Но в этот час чудесного, ясного летнего дня Обитель, расположенная на розовой от вереска поляне, не казалась такой зловещей, и Лину охватило несказанно отрадное чувство, которое можно выразить тремя словами: свет, покой, благодать. О да, благодать!.. Замирающие женские голоса, молитвенные песнопения, звуки органа сливались со стрекотом кузнечиков в траве и жужжанием мошек, круживших высоко в голубом воздухе, как бывает в жаркую погоду… Перед входом в дом низенькая горбунья подметала ступеньки крыльца.
— Это Шальмет, — тихо сказала Жанна, знаком подзывая к себе работницу.
София Шальмет только что вернулась из Крезо, где ей пришлось вынести жестокие гонения. По вечерам шахтеры толпой вваливались в залу, захватив с собой водку, закуску, селедки, горланили, измывались над бедняжкой, заглушали ее проповедь пением Марсельезы. Особенно преследовали ее женщины: ругали, осыпали оскорблениями, швыряли в нее углем и грязью, без всякой жалости к несчастной калеке. Но что за беда? Она готова на все, готова снова ехать, если нужно.
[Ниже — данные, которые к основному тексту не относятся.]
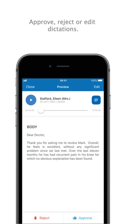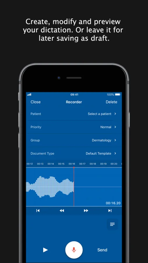 Dictations are securely sent to the servers with no dictation remaining on the device longer than necessary.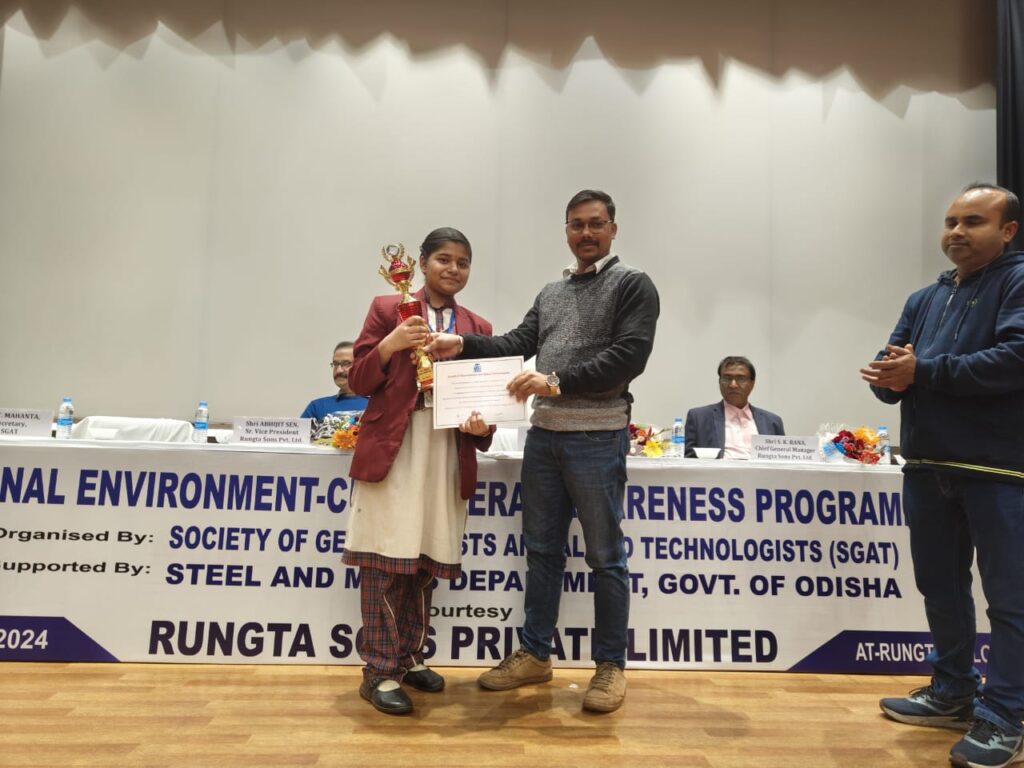 नोवामुंडी,28 नवम्बर: डी.ए.वी.नोवामुंडी ने SGAT 2024 का ओवर आॅल चैम्पियनशिप जीत लिया है | दिनाँक 27 नवम्बर को मिनरल्स एंड माइंस विभाग ओड़िसा के द्वारा बरबिल के रूंगटा कोलोनी में भूवैज्ञानिकों और संबद्ध प्रौद्योगिकीविदों का समाज (SGAT) द्वारा इस कार्यक्रम का आयोजन किया गया था| इसमें 22 विद्यालय से 44 प्रतिभागी शामिल हुए थे | प्रतियोगिता में क्विज, लेख लेखन , मिनरल पहचानो आदि का आयोजन किया गया था | इसमें टाटा डी.ए.वी. ने प्रथम स्थान प्राप्त किया | प्रतिभागी कक्षा – 9 के श्रीजा पॉल एवं आत्रेयो सिन्हा ने अपने मार्गदर्शक भौतिकी विषय शिक्षक श्री ज्योति प्रकाश साहू एवं प्राचार्य श्री प्रशांत कुमार भुयान का विशेष धन्यवाद करते हुए कहा कि इनके उचित मार्गदर्शन में ही ये उपलब्धि हासिल हो पाई है|ज्ञात हो कि श्रीजा पॉल को अव्वल लेख लेखन हेतु विशेष पुरस्कार एवं ट्रॉफी से सम्मानित किया गया है|प्राचार्य श्री प्रशांत कुमार भुयान ने कहा कि पर्यावरण के प्रति चेतना आज समय की मांग बन गयी है, जिसमें इस तरह के कार्यक्रम अच्छी जागरूकता फैला रहे हैं | हमारा विद्यालय विगत कई वर्षों से उक्त कार्यक्रम का ओवर आल चैम्पियनशिप विजेता रहा है | बच्चों के सर्वांगीण विकास में इस तरह की शैक्षणिक गतिविधियों का बहुत योगदान है। अतः इन गतिविधियों का आयोजन किया गया है। इसमें बच्चों की तथा अभिभावकों की सहभागिता एक शुभ संकेत है। आशा है कि बच्चे आगे भी इस कार्यक्रम से पूर्णतः लाभान्वित होंगे। दोनों विजेता प्रतिभागियों को विद्यालय की मोर्निंग असेम्बली में सम्मानित किया गया | विद्यालय परिवार में उत्साह का माहौल रहा |
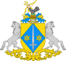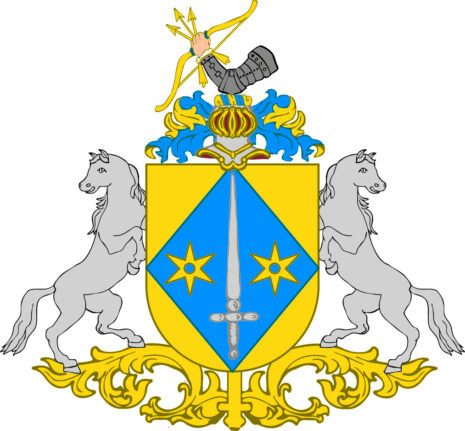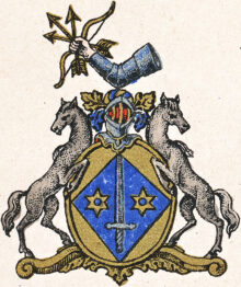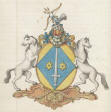 ”… En Skiöld af Guld, hvaruti förekommer en blå Ruta, som sträcker sig in till alla Fyra Skiöldkanterne, belagd med ett Spetsen upwänd och uprätt stående blottat Twehändigt Svärd af Silfver, beledsagat med Twenne Moletter af Guld. Ofvan på Skiölden är en Öppen Tornere Hjelm, hvaruppå sees en mot höger wänd Bewäpnad Wenster Arm, som i handen förer en Flitzbåge af Guld, ålagd med Tre Pilar af samma Metall. Hielm Krantzen är wriden af Guld och Blått. Skiöldhållare äro Twenne Grå med utwände hufwuden sig tillbaka seende modige Hästar. Aldeles som det sama här med sina rätta och egendtliga Färgor afmålat finnes.”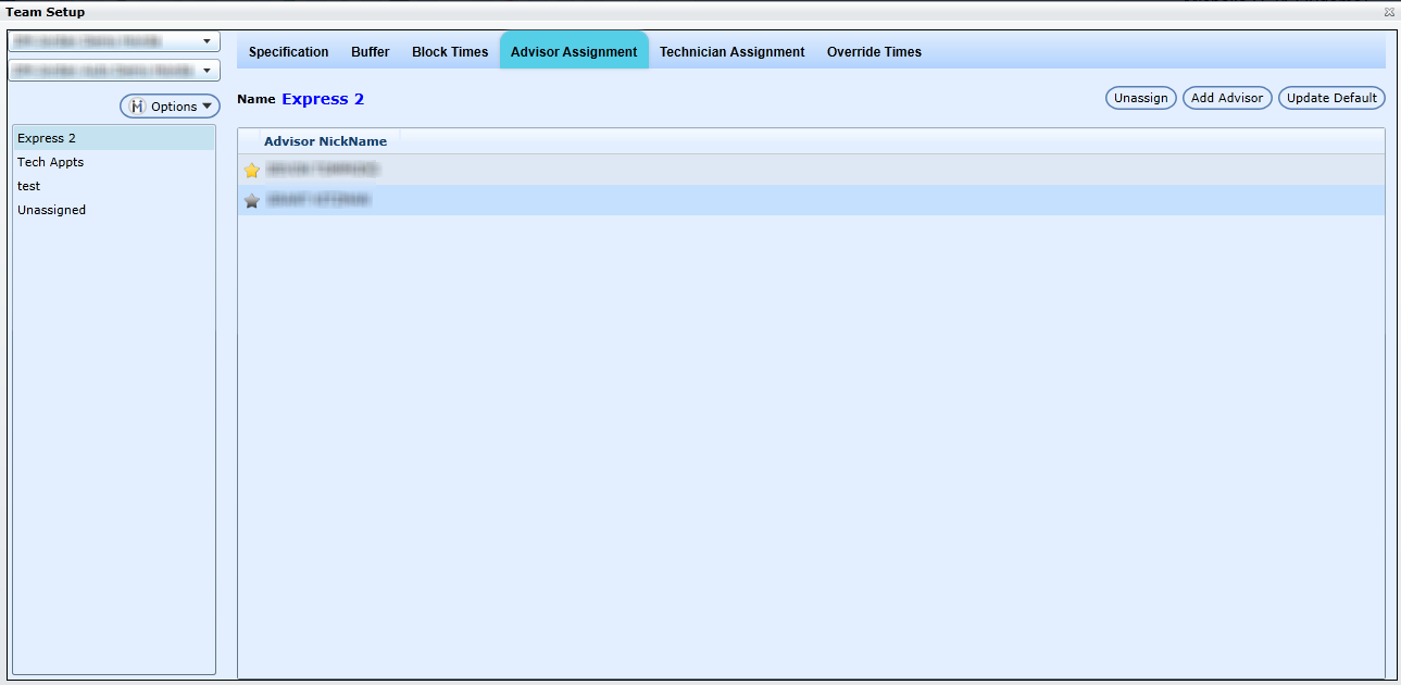 Note: Ensure the team that is assigned to an advisor is also assigned to that team in the Advisor Setup screens. You also have to have at least the "Unassigned" team attached to an advisor for overflow functionality and blocked times to display properly.Â

— Когда прикажут… как только прикажут, — кротко говорила горбунья, сжимая длинными, торчавшими из-под пелеринки руками метлу, выше себя ростом, и ее худое лицо с острым подбородком дышало необыкновенной решимостью.
— Они все здесь такие! — объясняла г-жа Отман, поднимаясь по наружной лестнице и усаживая Элину рядом с собой на веранде под навесом крыши. — Все до одной! Но у меня их только двадцать, а мне нужны тысячи и тысячи, чтобы спасти мир…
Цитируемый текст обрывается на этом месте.